Project description:Insect immune responses include prophenoloxidase (proPO) activation and Toll pathway initiation, which are mediated by serine proteinase cascades and regulated by serpins. Manduca sexta hemolymph proteinase-6 (HP6) is a component of both pathways. It cleaves and activates proPO activating proteinase 1 (PAP1) and hemolymph proteinase-8 (HP8), which activates proSpätzle. Inhibitors of HP6 could have the capability of regulating both of these innate immune proteinase cascade pathways. Covalent complexes of HP6 with serpin-4 and serpin-5 were previously isolated from M. sexta plasma using immunoaffinity chromatography with serpin antibodies. We investigated the inhibition of purified, recombinant HP6 by serpin-4 and serpin-5. Both serpin-4 and serpin-5 formed SDS-stable complexes with HP6 in vitro, and they inhibited the activation of proHP8 and proPAP1. Serpin-5 inhibited HP6 more efficiently than did serpin-4. Injection of serpin-5 into larvae resulted in decreased bacteria-induced antimicrobial activity in hemolymph and reduced the bacteria-induced expression of attacin, cecropin and hemolin genes in fat body. Injection of serpin-4 had a weaker effect on antimicrobial peptide expression. These results indicate that serpin-5 may regulate the activity of HP6 to modulate proPO activation and antimicrobial peptide production during immune responses of M. sexta.

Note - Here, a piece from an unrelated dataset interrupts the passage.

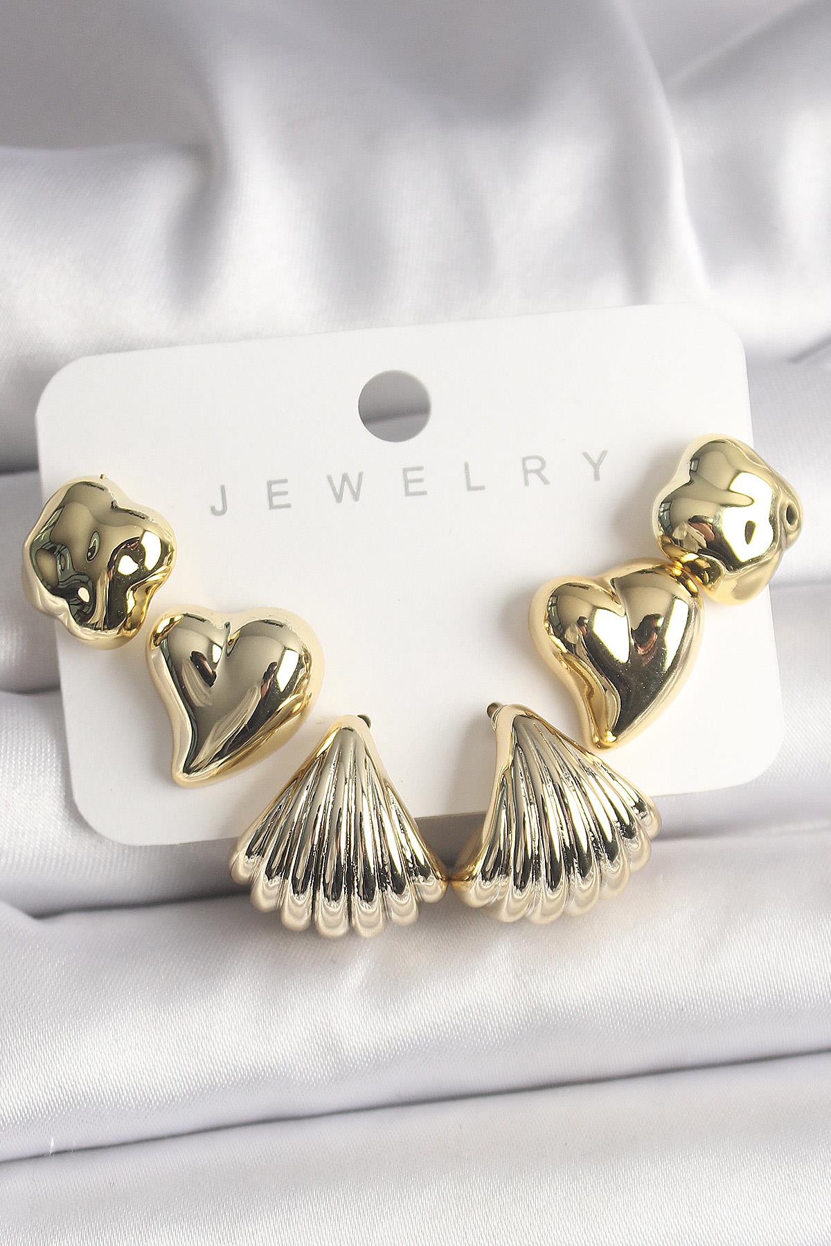 Gold Renk Yonca Kalp Deniz Kabuğu Figür CCB Kadın Küpe Seti

Project description:Serpins regulate various physiological reactions in humans and insects, including certain immune responses, primarily through inhibition of serine proteases. Six serpins have previously been identified and characterized in the tobacco hornworm Manduca sexta. In this study, we obtained a full-length cDNA sequence of another Manduca serpin, named serpin-7. The open reading frame of serpin-7 encodes a polypeptide of 400 amino acid residues with a predicted signal peptide of the first 15 residues. Multiple protein sequence alignment of the reactive center loop region of the M. sexta serpins indicated that serpin-7 contains Arg-Ile at the position of the predicted scissile bond cleaved by protease in the serpin inhibition mechanism. The same residues occur in the scissile bond of the reactive center loop in M. sexta serpin-4 and serpin-5, which are protease inhibitors that can block prophenoloxidase activation in plasma. Serpin-7 transcript was detected in hemocytes and fat body, and its expression increased in fat body after injection of larvae with Micrococcus luteus. Recombinant serpin-7 added to larval plasma inhibited spontaneous melanization and decreased prophenoloxidase activation stimulated by bacteria. Serpin-7 inhibited prophenoloxidase-activating protease-3 (PAP3), forming a stable serpin-protease complex. Considering that serpin-3 and serpin-6 are also efficient inhibitors of PAP3, it appears that multiple serpins present in plasma may have redundant or overlapping functions. We conclude that serpin-7 has serine protease inhibitory activity and is likely involved in regulation of proPO activation or other protease-mediated aspects of innate immunity in M. sexta.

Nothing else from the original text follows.